MIT Makes Steel with Electricity

Boston Metal, an MIT spinout, is ready to commercialize a new steelmaking method that can potentially clean up steel’s dirty processes.

Typically, making steel involves mining iron ore, reducing it in a blast furnace with the addition of coal, then using an oxygen furnace to burn off excess carbon and other impurities. Steel production accounts for 7-9% of greenhouse gas emissions globally.

Boston Metal is set on cleaning up steelmaking by using an electrochemical process called molten oxide electrolysis (MOE) to eliminate many steps in the current process. Its sole byproduct is a release of oxygen. MOE is already used to recover high-value metals from mining waste at its Brazilian subsidiary, Boston Metal do Brasil. That helps Boston Metal’s team deploy its technology at a commercial scale and to create key partnerships with mining operators. A prototype MOE reactor to produce green steel is at company headquarters in Woburn, Massachusetts.

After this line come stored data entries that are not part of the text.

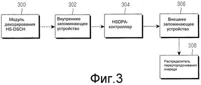 Со ссылкой на Фиг.3 PDU включает в себя модуль 300 декодирования HS-DSCH, внутреннее запоминающее устройство 302, блок 304 управления HSDPA, внешнее запоминающее устройство 306, блок 308 распределения переупорядочивания очереди. Несмотря на то, что предпочтительные варианты осуществления описывают внутреннее и внешнее запоминающее устройство, настоящее изобретение не ограничено запоминающим устройством, которое является физически внешним и внутренним для самого PDU. До описания настоящего изобретения принимается, что промежуточный минимальный TTI-интервал определен, чтобы быть особым значением 1, в качестве обозначенного «промежуточным минимальным TTI-интервалом = 1» в настоящем изобретении, и также принимается, что ошибка CRC отсутствует в принятом PDU MAC-hs, то есть выполнена операция приема максимума данных, если бы даже они могли быть представлены в реализованной системе.
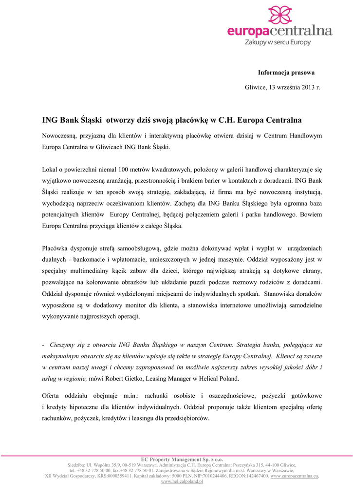 Informacja prasowa Gliwice, 13 września 2013 r. ING Bank Śląski otworzy dziś swoją placówkę w C.H. Europa Centralna Nowoczesną, przyjazną dla klientów i interaktywną placówkę otwiera dzisiaj w Centrum Handlowym Europa Centralna w Gliwicach ING Bank Śląski. Lokal o powierzchni niemal 100 metrów kwadratowych, położony w galerii handlowej charakteryzuje się wyjątkowo nowoczesną aranżacją, przestronnością i brakiem barier w kontaktach z doradcami. ING Bank Śląski realizuje w ten sposób swoją strategię, zakładającą, iż firma ma być nowoczesną instytucją, wychodzącą naprzeciw oczekiwaniom klientów. Zachętą dla ING Banku Śląskiego była ogromna baza potencjalnych klientów Europy Centralnej, będącej połączeniem galerii i parku handlowego. Bowiem Europa Centralna przyciąga klientów z całego Śląska. Placówka dysponuje strefą samoobsługową, gdzie można dokonywać wpłat i wypłat w urządzeniach dualnych - bankomacie i wpłatomacie, umieszczonych w jednej maszynie. Oddział wyposażony jest w specjalny multimedialny kącik zabaw dla dzieci, którego największą atrakcją są dotykowe ekrany, pozwalające na kolorowanie obrazków lub układanie puzzli podczas rozmowy rodziców z doradcami. Oddział dysponuje również wydzielonymi miejscami do indywidualnych spotkań. Stanowiska doradców wyposażone są w dodatkowy monitor dla klienta, a stanowiska internetowe umożliwiają samodzielne wykonywanie najprostszych operacji. - Cieszymy się z otwarcia ING Banku Śląskiego w naszym Centrum. Strategia banku, polegająca na maksymalnym otwarciu się na klientów wpisuje się także w strategię Europy Centralnej. Klienci są zawsze w centrum naszej uwagi i chcemy zaproponować im możliwie najszerszy zakres wysokiej jakości dóbr i usług w regionie, mówi Robert Gietko, Leasing Manager w Helical Poland. Oferta oddziału obejmuje m.in.: rachunki osobiste i oszczędnościowe, pożyczki gotówkowe i kredyty hipoteczne dla klientów indywidualnych. Oddział proponuje także klientom specjalną ofertę rachunków, pożyczek, kredytów i leasingu dla przedsiębiorców. EC Property Management Sp. z o.o. Siedziba: Ul. Wspólna 35/9, 00-519 Warszawa. Administracja C.H. Europa Centralna: Pszczyńska 315, 44-100 Gliwice, tel. +48 32 778 50 00, fax.+48 32 778 50 01. Zarejestrowana w Sądzie Rejonowym dla m.st. Warszawy w Warszawie, XII Wydział Gospodarczy, KRS:0000359411. Kapitał zakładowy: 5000 PLN, NIP:7010244486, REGON:142467400. www.europacentralna.eu, www.helicalpoland.pl W pierwszym tygodniu funkcjonowania oddziału tj.w dniach 14 - 21 września bank przygotował promocję „Konto z prezentem”. Każda osoba, która założy internetowe konto Direct, otrzyma bezprzewodowy internet. Centrum Handlowe Europa Centralna o powierzchni 67 tys. metrów kwadratowych jest jednym z największych tego typu obiektów komercyjnych w Polsce. Unikalny koncept galerii, oferuje klientom możliwość zrobienia wszystkich niezbędnych zakupów od artykułów spożywczych, przez materiały do budowy domu, po ubrania z najnowszych kolekcji. Położenie obiektu, przy jednym z największych węzłów autostradowych w Polsce (Gliwice-Sośnica), gdzie łączą się autostrady A1 i A4 i droga krajowa nr 44 oraz na obszarze gęsto zaludnionego Górnośląskiego Okręgu Przemysłowego, sprawia, że niemal 5 mln osób może w ciągu godziny dojechać tu na zakupy. Na miejscu skorzystać można z wypożyczalni parasoli, pomieszczeń dla rodziców z dziećmi, 600 miejsc siedzących dla klientów piętra restauracyjnego, paczkomatu, bezpłatnego wi-fi dostępnego na terenie całego Centrum oraz wielu bankomatów i punktów usługowych. Klienci mogą zostawić swój samochód na dużym, liczącym 2,3 tys. miejsc parkingu, a niezmotoryzowani dojadą na zakupy bezpłatnymi liniami autobusowymi. Wśród najemców są takie firmy jak: Saturn, Castorama, Tesco Extra, Jula, Ski Team, Sports Direct, Jysk, SMYK Megastore, RTV Euro AGD, New Yorker, Reserved, H&M, Cubus, Lindex, CCC, Bershka, Solar, Monnari, Clooud, Apart, TUI, Home and You, Super Pharm, Neckermann, Deichmann, City Sport, Mohito, Promod, Cortland Apple Premium Reseller, Stradivarius, Rossmann, TAKKO Fashion, Douglas, a dla najmłodszych - Kinderplaneta. Kontakt dla dziennikarzy: www.europacentralna.eu Helical Poland Sp. z o.o. ul. Wspólna 35/9 00-519 Warszawa Więcej informacji: Marta Chodkowska Tel. 601 244 127 [email protected] Marketing Director C. H .Europa Centralna Katarzyna Skalska Tel. 501 699 261 [email protected] Leasing:: Robert Gietko Tel. 605 451 060 [email protected] Marta Gołębiowska Tel. 663 918 160 [email protected] Cook Communications Tomasz Rożek Tel. 663 171 033 [email protected] Agencja Preria Magdalena Łońska Tel. 605 560 074 [email protected] EC Property Management Sp. z o.o. Siedziba: Ul. Wspólna 35/9, 00-519 Warszawa. Administracja C.H. Europa Centralna: Pszczyńska 315, 44-100 Gliwice, tel. +48 32 778 50 00, fax.+48 32 778 50 01. Zarejestrowana w Sądzie Rejonowym dla m.st. Warszawy w Warszawie, XII Wydział Gospodarczy, KRS:0000359411. Kapitał zakładowy: 5000 PLN, NIP:7010244486, REGON:142467400. www.europacentralna.eu, www.helicalpoland.pl
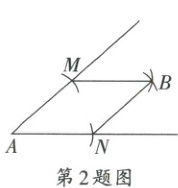 2. 如图,以点$A$为圆心,适当的长为半径画弧,交$\angle A$两边于点$M$,$N$,再分别以$M$,$N$为圆心,$AM$的长为半径画弧,两弧交于点$B$,连接$MB$,$NB$.若$\angle A = 40^{\circ}$,则$\angle MBN$的度数为(
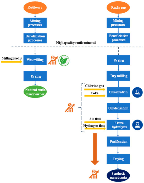 Figure 8 follows the steps of both processes, highlighting the resource and cost differences. The wet milling method chosen for the processing of natural rutile has a better grinding efficiency than dry milling, results in finer particles, has better heat dissipation, and it is also a greener method compared to any other chemical synthesis, but to achieve all this, it requires sophisticated equipment and can be an energy-intensive process [112].

A previous grant from NASA to explore ways to produce oxygen for future lunar bases prompted MIT to explore the idea of sending an electric current through iron oxide rock on the moon’s surface, using rock from an old asteroid in Arizona for their experiments. The reaction produced oxygen, with metal as a byproduct. After Boston Metal’s team published a 2013 paper in Nature describing the MOE platform, the project went from a small lab experiment to produce a few grams, then on to a company that can produce hundreds of kilograms, and soon, tons of metal. Steelmakers would license Boston Metal’s technology and deploy as many cells as needed to reach their production targets.

There’s excitement because everyone needs a solution capable of decarbonizing the metal industry. Boston Metal’s steel decarbonization technology is slated to reach commercial scale in 2026, though its Brazil plant is already introducing the industry to MOE. The Brazilian plant runs on 100 percent renewable energy.